The government took an ownership stake in the company. Nvidia invested a few billion in the company. It's not going anywhere.

ks2048 3 hours ago
"death" can be pretty slow - IBM has $60B in revenue and 270K employees.
seanmcdirmid 11 minutes ago
I really have no idea how IBM is still in business, or the other big toxic techs like Oracle and Salesforce. Just goes to show I don’t know as much about the industry as I think.
ghaff 2 hours ago
And their financial/stock performance has been pretty good the past couple of years.
quotemstr 3 hours ago
When Shakespeare wrote "cowards die many times before their deaths", he had Intel in mind.
chanux 2 hours ago
Lindy[1] will make sure it stays around for a while.

[1] https://en.wikipedia.org/wiki/Lindy_effect

roboror 2 hours ago
Intel still sells a ton of silicon.
brcmthrowaway 5 hours ago
Terrible news from Intel, this guy seems like the best performance engineer on the planet
nightshift1 4 hours ago
Where do you think he's going next? OpenAI? Google?
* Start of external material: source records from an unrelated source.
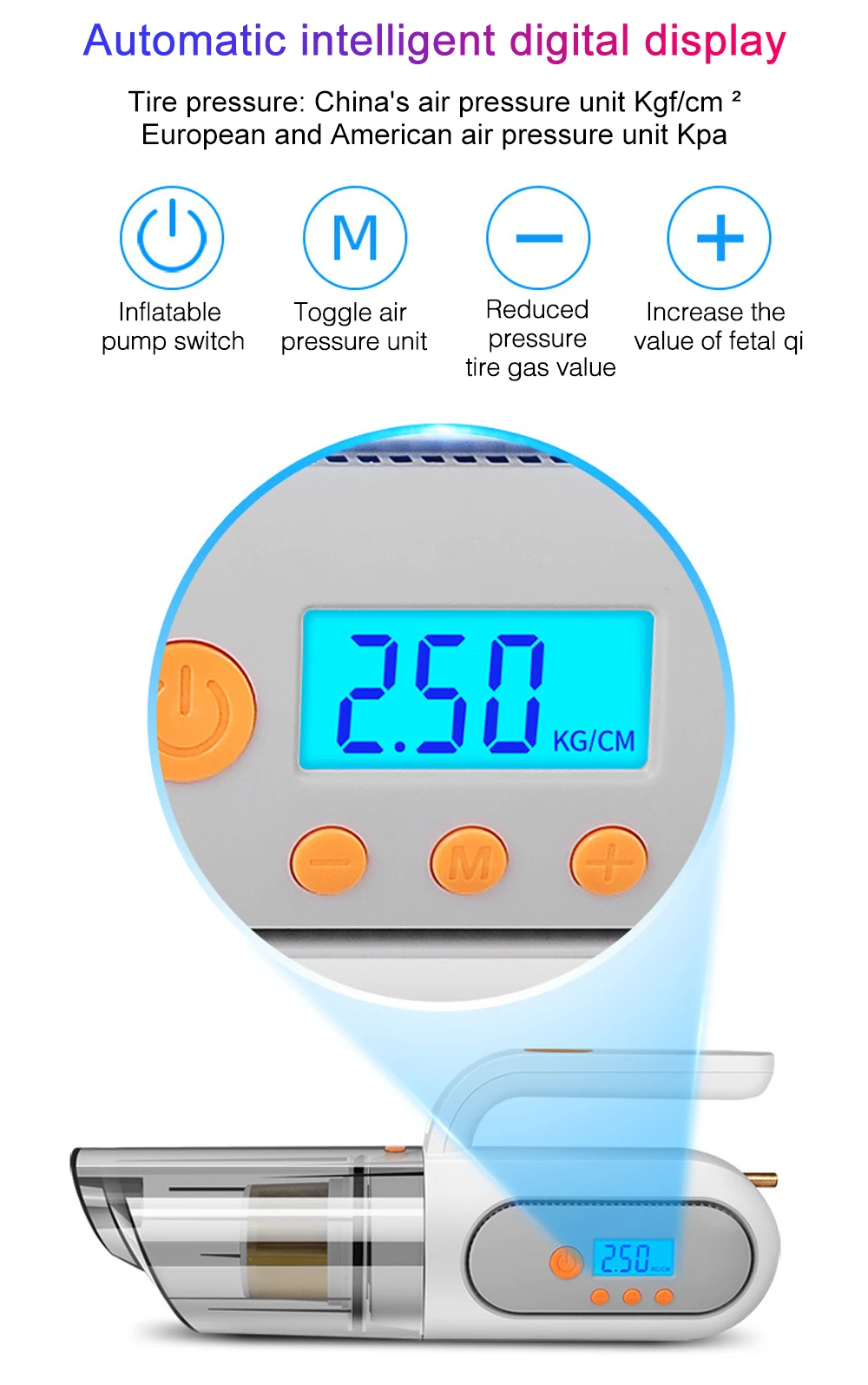 Инфляция + вакуум + давление в шинах + Освещение все-в-одном машина. Множественная система фильтрации для разделения пыли и газа, удерживает частицы от входа в машинное отделение, чтобы блокировать двигатель и разрядить чистый воздух. Сильная мощность, чтобы быстро увеличить скорость надувания, установить значение и автоматически остановить, когда переключатель заполнен. Автоматический интеллектуальный цифровой синий светильник. Обнаружение давления в шинах в любое время, в любом месте, цифровой циферблат с первого взгляда.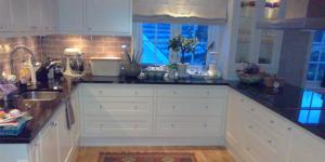 Vi designer, produserer, leverer og monterer høykvalitets klassisk stil kjøkkeninnredning med stein benkeplater.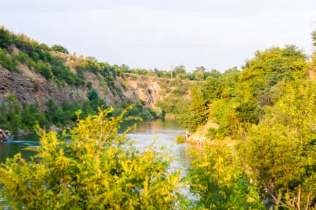 Landscape of a natural canyon at sunset. Rocky coast. At the top of the canyon. There is water below.

Just saving 1% on inference could probably justify his salary 100fold
cowsandmilk 2 hours ago
Definitely feels like someplace with GPUs that will let him work remotely.
ChrisArchitect 6 hours ago
Extra slash in the url
bibimsz 2 hours ago
dude loves the color salmon
benwills 4 hours ago
In the photo of him on his last day [0], there's a cassette deck on his desk.

That could be something mundane, but I'd like to believe something crazy happens if you yell at it [1]...

[0] https://www.brendangregg.com/blog/images/2025/brendanoffice2...

[1] https://www.youtube.com/watch?v=tDacjrSCeq4

avtar 4 hours ago
> cassette deck on his desk

Greybeard reporting for duty: https://en.wikipedia.org/wiki/Commodore_Datasette

bingo-bongo 47 minutes ago
Looks like the C64 is behind it (underneath a..?) and there’s a small corner of 5.25” diskette station further back.